The Delhi High Court has directed that authorities in the national capital will not permit the felling of trees for house construction projects. This move extends a previous order dated August 31, in which the Delhi government had stated that no individual permissions for tree felling would be granted. Only essential projects requiring tree felling will be considered and must be reported to the court.
Justice Jasmeet Singh gave Anupam Srivastava, the Delhi government’s additional standing counsel, two weeks to file a detailed report on the status of transplanted and replanted trees in the city. The court wants to know if the transplantation or replantation of trees has been successful.
“In the meantime, the directions contained in the August 31 order shall continue.

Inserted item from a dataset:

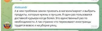 Другие подчеркнули удобство сервиса: «Можно и своими если они ходят, но есть люди которые не могут сходить и таких очень много. Доставка — это очень удобно».

No permission shall be granted for felling of trees in respect of construction of houses,” Justice Singh stated. The matter has been scheduled for further hearing on October 6.
The court’s latest directive came in response to a petition that sought action against officers who were not complying with an April 2022 order from the court. This earlier order required authorities to “spell out the reasons for felling of even a single tree.”
Petitioner Bhavreen Khandari’s lawyer, Aditya N Prasad, filed an application for an early hearing of the contempt plea, alleging that authorities were “recklessly granting permission for felling of trees.”
After examining the permissions that had been given for tree felling, the High Court noted on August 31 that there appeared to be a “total non-application of mind” in granting these permissions. Some of the permits had even been issued to individuals simply for the sake of creating parking spaces for their vehicles.
The petitioner’s counsel had previously pointed out that he found 57 orders where felling or transplantation permissions had been granted merely because the trees were obstructing proposed construction projects.
This recent ruling by the Delhi High Court serves as an urgent call for sustainable development practices. By extending its August 31 order, the court is sending a clear message that environmental conservation should be a priority and should not be compromised for construction activities. The court’s decision has now set a legal precedent that underscores the significance of balancing development with environmental considerations.